A Nike logo is displayed on sports clothes at a Dick's Sporting Goods store in Paramus, N.J. (Victor J. Blue/Bloomberg)

Nike thought the unofficial name for the shoe (see a picture here) referred to the drink, which mixes a pale ale beer and a dark beer — but it also is a name for a violent paramilitary group that suppressed the Irish during their war of independence in the early 1920s. In the Belfast Telegraph, Ciaran Staunton, president of the U.S.-based Irish Lobby for Immigration Reform, asked, “Is there no one at Nike able to google Black and Tan?”

Nike has since apologized:

“This month Nike is scheduled to release a quick strike version of the Nike SB Dunk Low that has been unofficially named by some using a phrase that can be viewed as inappropriate and insensitive. We apologize.  No offense was intended” said Nike spokesman Brian Strong.

The dual meaning of “Black and Tan” has gotten other companies in trouble, too — Ben & Jerry’s had to apologize in 2006 for their Black & Tan ice cream, which tasted like cream stout and chocolate.
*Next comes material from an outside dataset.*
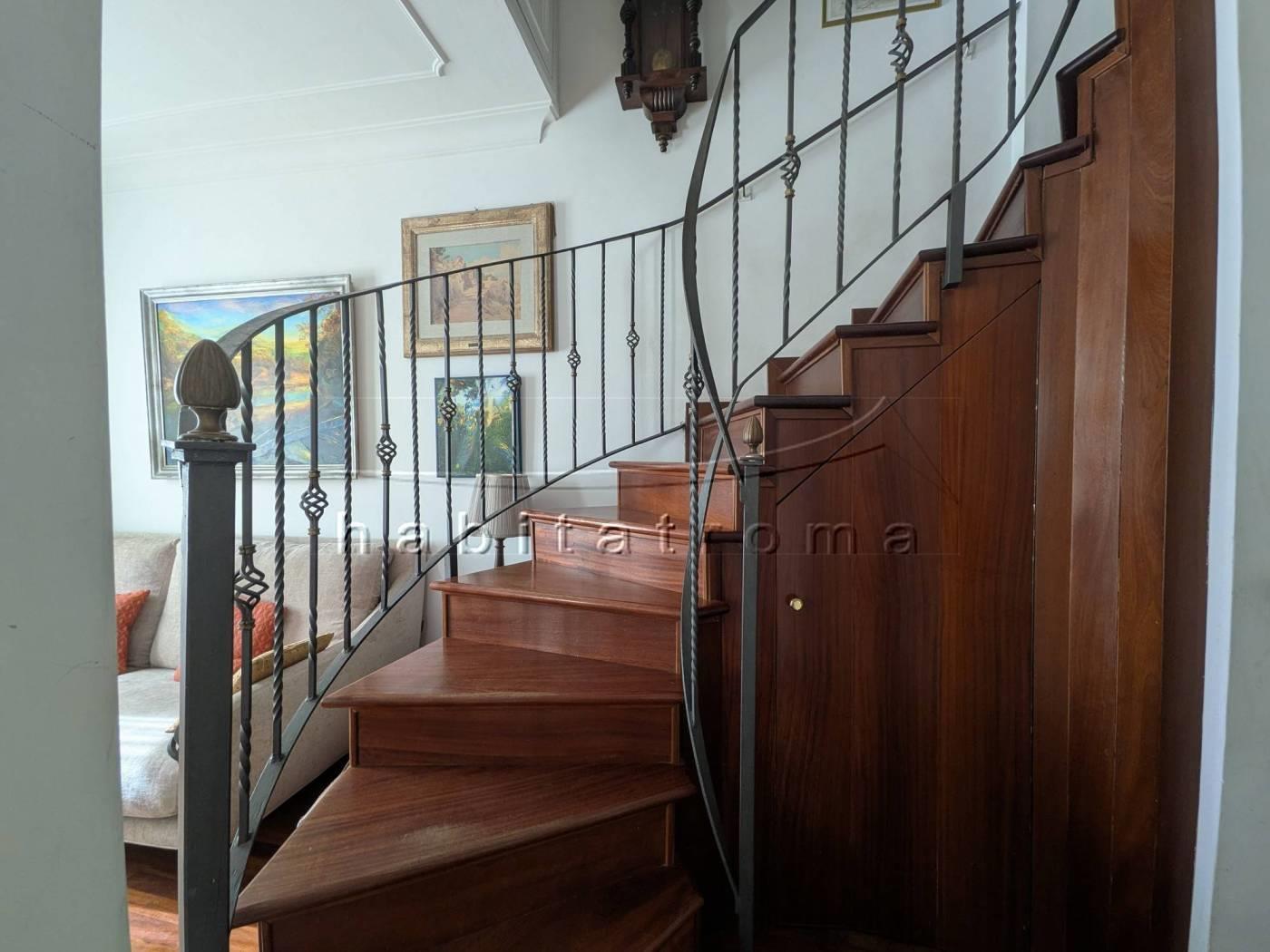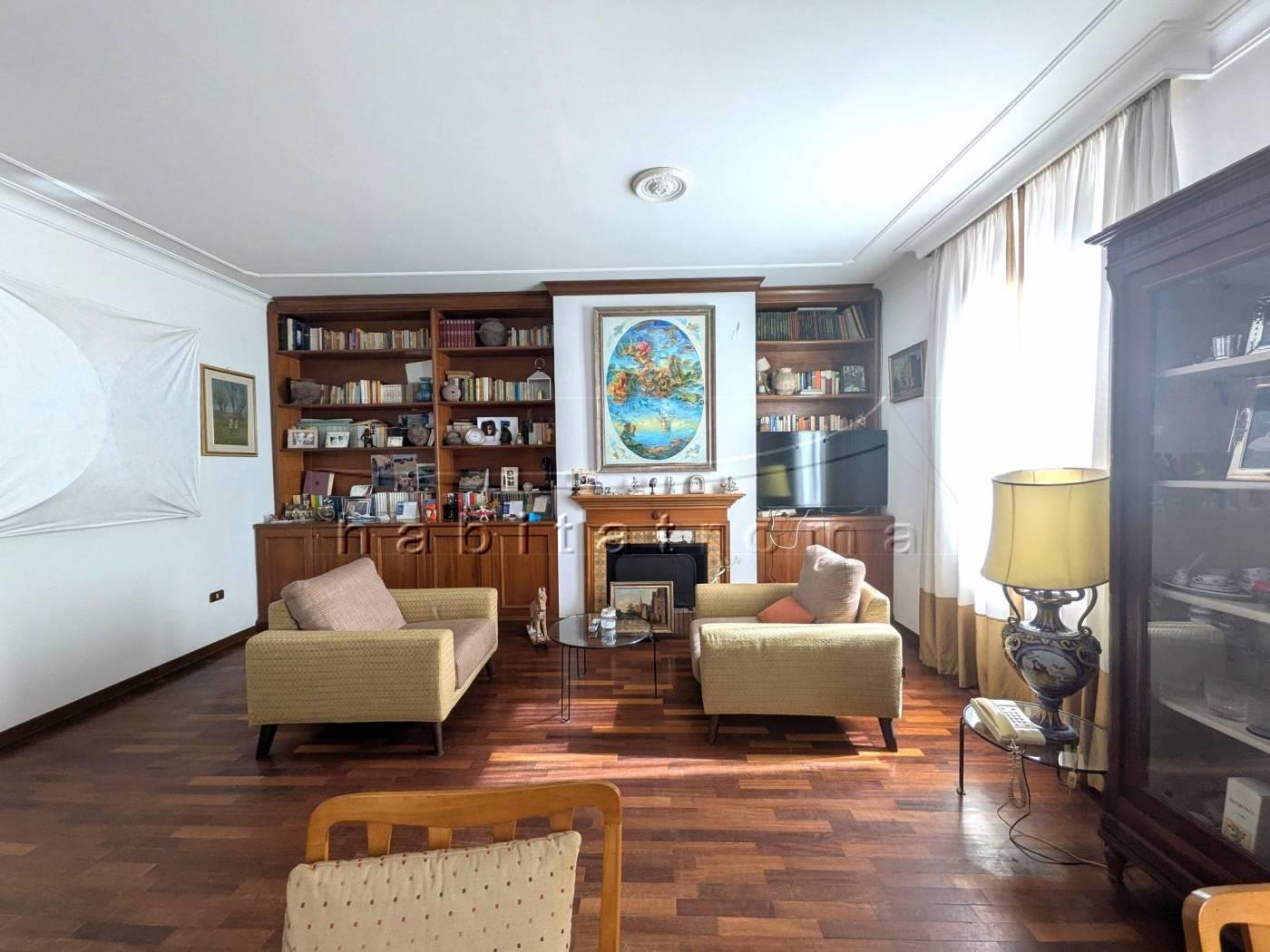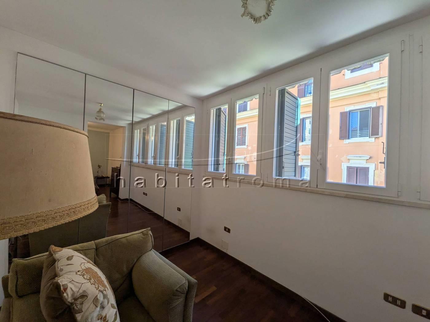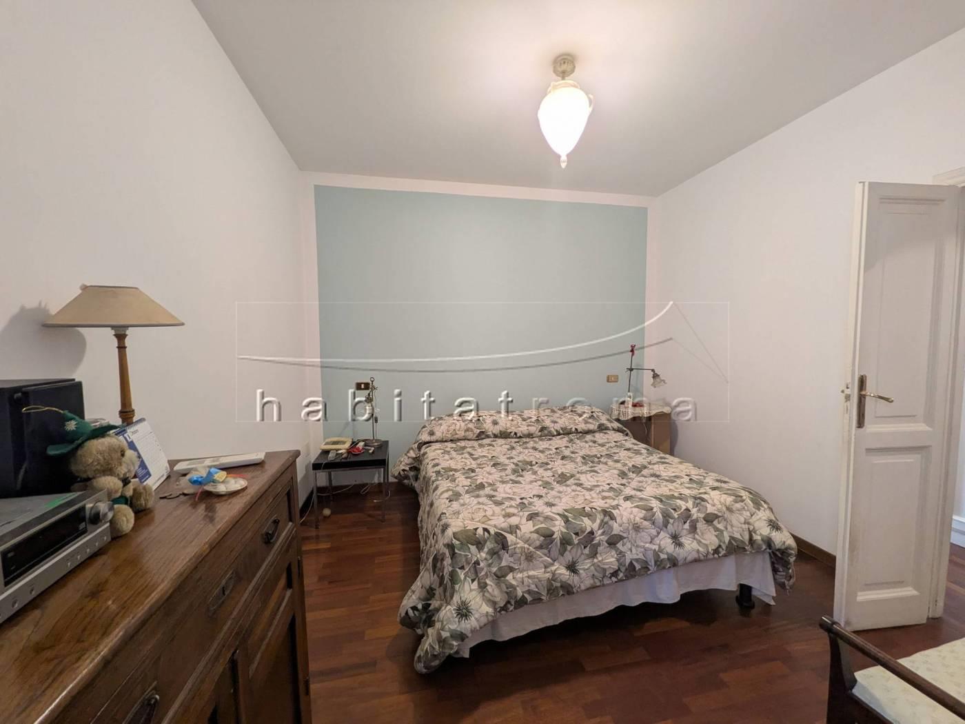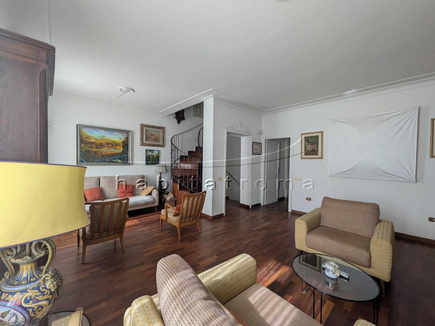 L’ingresso dell’abitazione si trova al primo piano ammezzato, che tramite una scala porta direttamente al piano secondo dello stabile nel quale troviamo il salone con camino, la zona notte composta da una comoda camera da letto con adiacente vano adibito ad armadiature/vestiaire; uno studio, utilizzabile anche come seconda camera da letto, e due bagni.

And though Urban Outfitters avoided references to the Black and Tan, they retailer has been criticized by Irish groups this year for its line of T-shirts, which they say promotes offensive stereotypes of the Irish by focusing on binge drinking.

Consumerist reports that Irish people would never order a Black and Tan, anyway, according to Brian Boyd of the Irish Times — “not only because of the terrible associations with the group, but because real Irish don’t dilute their Guinness.”

*This story previously misidentified the war that the Black and Tans fought. It was the Irish War of Independence.